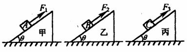 5.如图所示,A、B、C为三个质量相等、材料相同的小物块,在沿斜面向上的拉力作用下,沿相同的粗糙斜面上滑,其中A是匀速上滑,B是加速上滑,C是减速上滑,而斜面体对地均处于静止。斜面体甲、乙、丙所受地面的摩擦力分
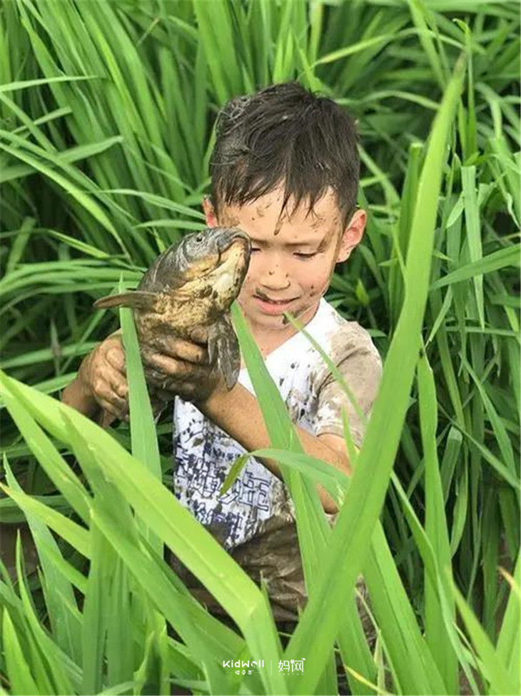 下田会抓鱼,上岸会玩泥
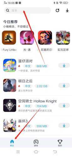 1、进入淘气侠APP后,首(shou)先(xian)点击“精品”,这里的游戏都是软件(software)每天为小伙伴推荐(recommend)的游戏,同时你还能点击上方的输入(enter)框去自己找需要的游戏。
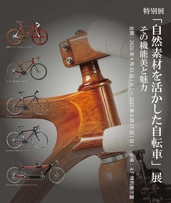 そこで令和8年度特別展では、普段中々見られない天然素材を使用した自転車5台を展示し、製作工程など作者の想いを解説しています。
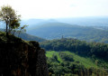 (D/A) Profitez de la vue du belvédère et descendez à gauche le petit pré en contre-bas du point de vue. À la clairière, poursuivez tout droit sur la ligne de crête, longeant les fossés du fort.
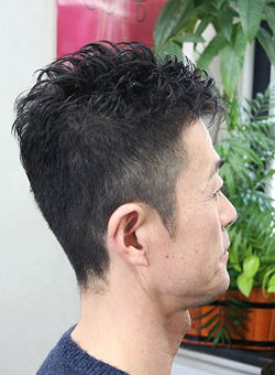 仕事柄ショート・楽々セット希望の40代のパパ・パ-マヘアーです!!根本の立ち上がりを 出し、柔らかいカールをかけ、更にサイドから見てお分かりのように、かなり軽さを出すことで ショートでも柔らかさと華やかさのある、軽・ふわぁーショートヘアースタイルになります。爽やかスタイルとして、職種・年代を問わず楽しんで頂けるお薦めセット楽々ヘアーです。 |
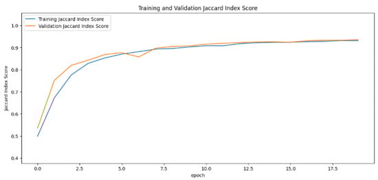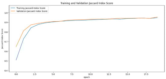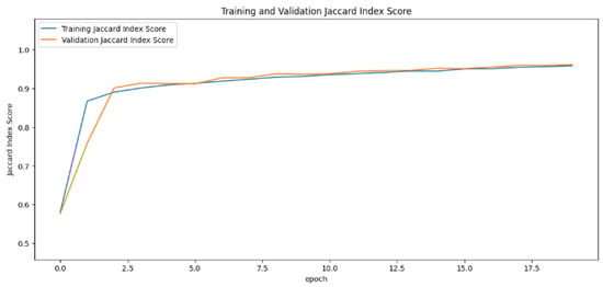 In the segmentation phase, the Jaccard index measures the ratio of the intersection of two clusters to their union. Known as “Intersection over Union (IoU)” as well, this metric is widely used in segmentation tasks. The Jaccard index varies between 0 and 1, with 1 signifying complete overlap between the clusters and 0 indicating no overlap. A high Jaccard index means that the segments predicted by the model closely match the actual segments. This metric is particularly valuable for evaluating the accuracy of segmented areas in an image, as illustrated in Equation (7).
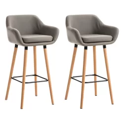 De barkruk Grant geeft elke bar iets extra s, ontworpen als een fauteuil, deze stoel valt op met zijn uiterlijk. Dankzij de rugleuning en de vorm is het ook mogelijk om meerdere uren comfortabel te zitten. De stoel met kunstleer bekleding en afneembare kussen is gemakkelijk te reinigen. Het klittenband zorgt dat de zitting op zijn plaats blijft. Bovendien kan de hoes van het zitkussen gemakkelijk worden verwijderd en dankzij de ritssluiting gewassen worden. Het stabiele vierpotige frame van beukenhout is voorzien van een discrete metalen voetsteun en maakt de vormgeving van de kruk af.
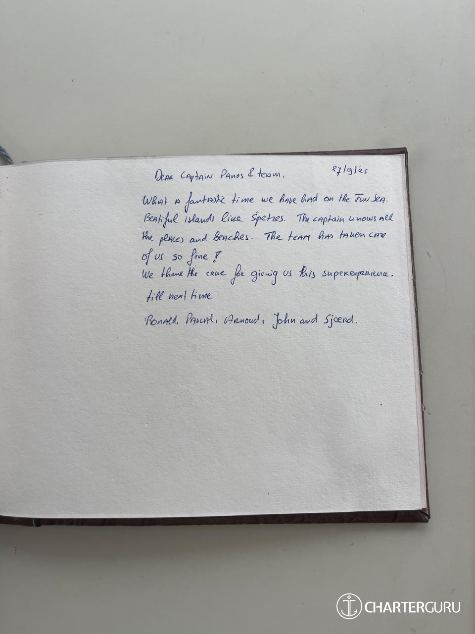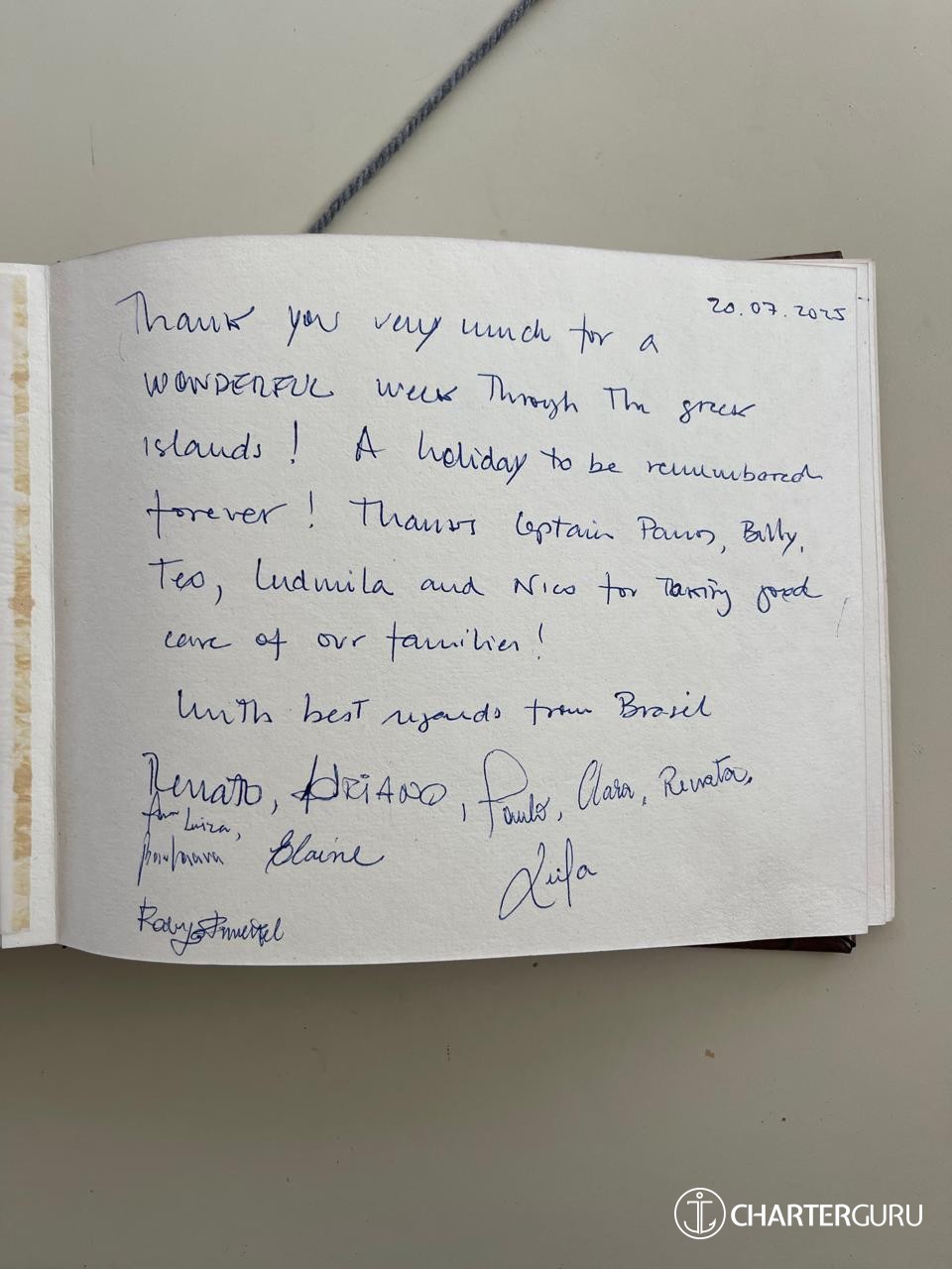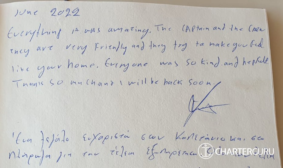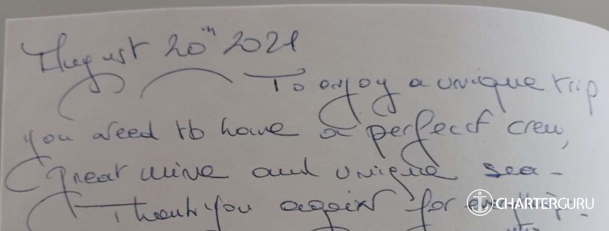 The most amazing holiday I've ever been on, largely attributable to the incredible captain and crew who are quite simply the best at what they do. The captain knew all the best spots, and inside knowledge allowing us to always be the first boat to arrive and get the optional docking space. Stelios prepared delicious feasts that were engaged by all, especially given the limitations of what we eat. Milla was exceptional at service, all on her own, and her joyful attitude made everyone smile throughout. Billy and Vassily were incredibly attentive with all the water toys and made everyone feel safe.
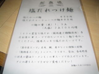 今回は「新登場 塩だれチャーシューつけ麺800円+大盛2玉100円」で900円です。
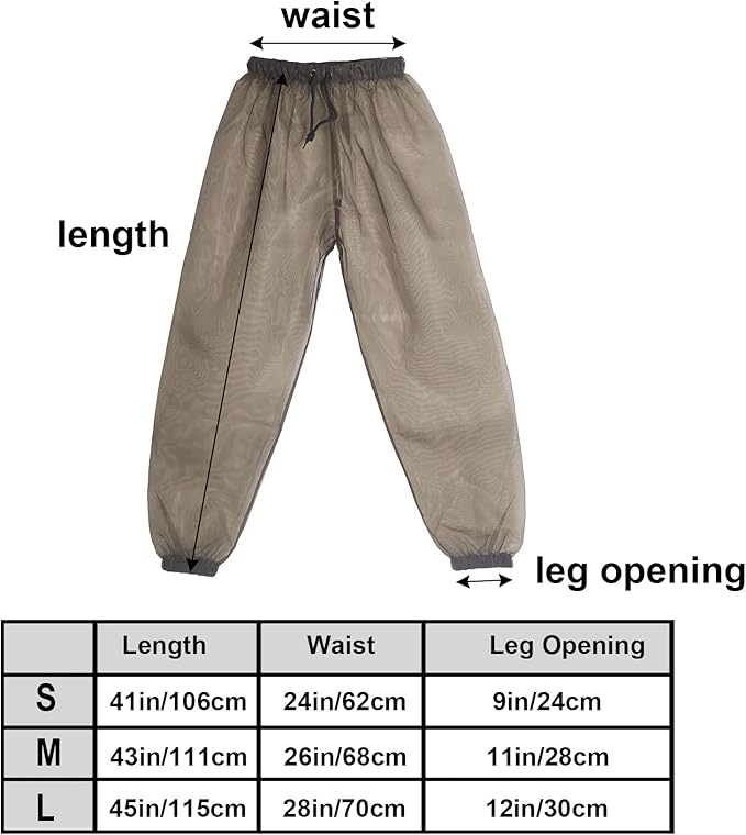 - The mosquito pants are available in 3 sizes, S: 106x62x24cm/41x24x9in (length x waist x leg opening); M: 111x68x28cm/43x26x11in (length x waist x leg opening); L: 115x70x30cm/45x28x12in (length x waist x leg opening)
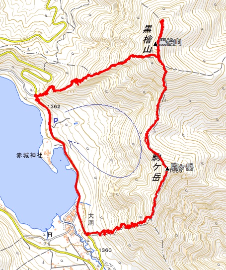 【コース】 黒檜登山駐車場〜黒檜山〜展望台〜黒檜山〜駒ヶ岳〜駒ヶ岳登山口〜黒檜登山駐車場
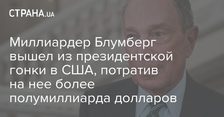 Миллиардер Блумберг вышел из президентской гонки в США, потратив на нее более полумиллиарда долларов
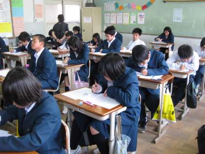 今日から第1期試験が始まりました。1年生は初めての本格的な試験で緊張していたでしょうね。試験を受けるためのいろいろな注意を受けた後、数学と社会の試験に臨みました。写真を撮らせてもらうために、ほとんどの教室を廻りましたが、物音ひとつ聞こえません。どこの教室も張り詰めたような雰囲気で、廊下などは不気味なくらい静かでした。(静かに歩くのに苦労しました)
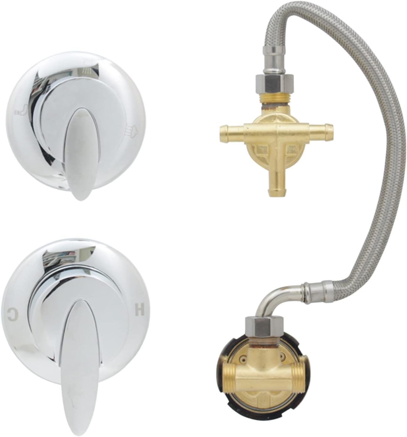 Upgrade your shower experience with our premium water mixer faucet, designed for both functionality and style. Crafted frombrass and fitted with a high-quality ceramic cartridge, this faucet ensures long-lasting performance and reliability. The sleek chrome finish not only adds a touch of elegance to your bathroom but also offers easy maintenance and a modern aesthetic. Measuring under 130mm, this compact design is perfect for various installations, whether in a steam shower, bathtub, or bathroom sink. The G1/2" connector and versatile installation method make it compatible with most plumbing systems, while the 3/4/5 way output adjustment allows you to customize your water flow according to your needs. With a double handle for precise control over hot and cold water, this faucet provides an optimal mixing experience. The fixed rotary type ensures smooth operation, making it a convenient choice for daily use. Ideal for a wide range of applins, from luxurious spa-like showers to functional bathroom sinks, this water mixer faucet enhances both the look and functionality of your space. Transform your bathroom into a sanctuary of relaxation with our stylish and efficient water mixer faucet. Enjoy every moment spent in your shower or bath, knowing you have a reliable and elegant solution at your fingertips. Make your purchase today for a blend of luxury and practicality that suits your lifestyle.
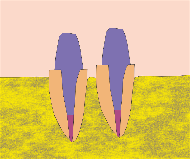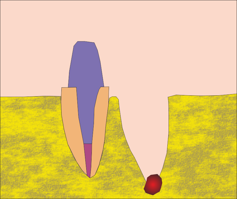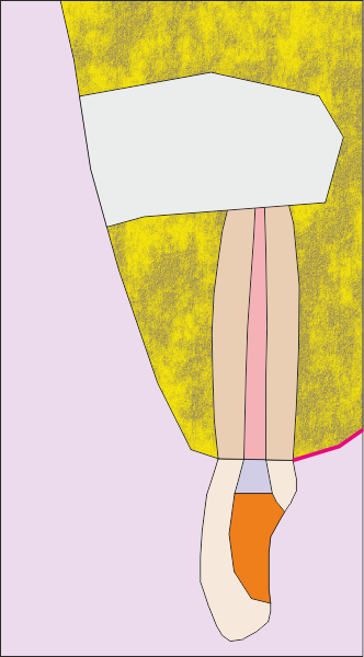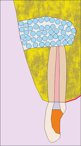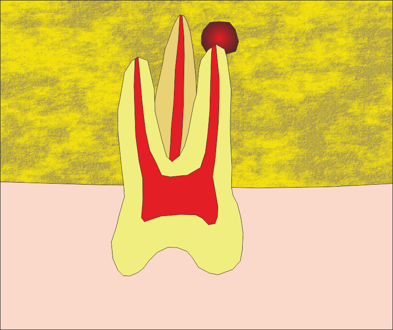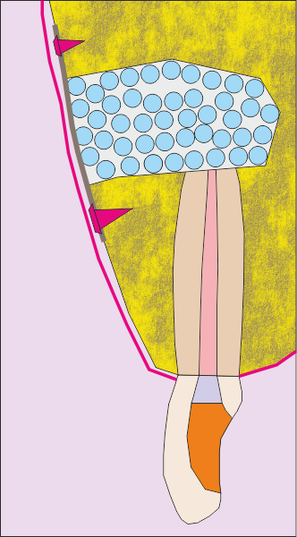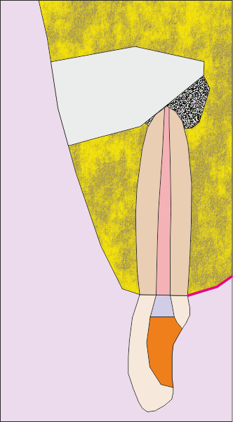 Първоначална ситуация - схема на хроничен локализиран или дифузен периапикален периодонтит, който подлежи на апикална остеотомия. Около апекса на зъбния корен се формира кухина, изпълнена с разпаднати тъкани и клетки на хроничното възпаление. На схемата горе тази кухина е означена с черно - бяла текстура. В огромен процент от случаите оперативният достъп се осъществява от вестибуларна посока - при което понякога се изисква отнемането на много голям костен обем, особено при долни странични зъби.

__WHAT THE TASK REQUIRES__
Give exactly the lines above that run from the line with "The most amazing" to the line with "今日から第1期試験が始まりま", both included, leaving every picture out.

__RESULT__
 The most amazing holiday I've ever been on, largely attributable to the incredible captain and crew who are quite simply the best at what they do. The captain knew all the best spots, and inside knowledge allowing us to always be the first boat to arrive and get the optional docking space. Stelios prepared delicious feasts that were engaged by all, especially given the limitations of what we eat. Milla was exceptional at service, all on her own, and her joyful attitude made everyone smile throughout. Billy and Vassily were incredibly attentive with all the water toys and made everyone feel safe.
 今回は「新登場 塩だれチャーシューつけ麺800円+大盛2玉100円」で900円です。
 - The mosquito pants are available in 3 sizes, S: 106x62x24cm/41x24x9in (length x waist x leg opening); M: 111x68x28cm/43x26x11in (length x waist x leg opening); L: 115x70x30cm/45x28x12in (length x waist x leg opening)
 【コース】 黒檜登山駐車場〜黒檜山〜展望台〜黒檜山〜駒ヶ岳〜駒ヶ岳登山口〜黒檜登山駐車場
 Миллиардер Блумберг вышел из президентской гонки в США, потратив на нее более полумиллиарда долларов
 今日から第1期試験が始まりました。1年生は初めての本格的な試験で緊張していたでしょうね。試験を受けるためのいろいろな注意を受けた後、数学と社会の試験に臨みました。写真を撮らせてもらうために、ほとんどの教室を廻りましたが、物音ひとつ聞こえません。どこの教室も張り詰めたような雰囲気で、廊下などは不気味なくらい静かでした。(静かに歩くのに苦労しました)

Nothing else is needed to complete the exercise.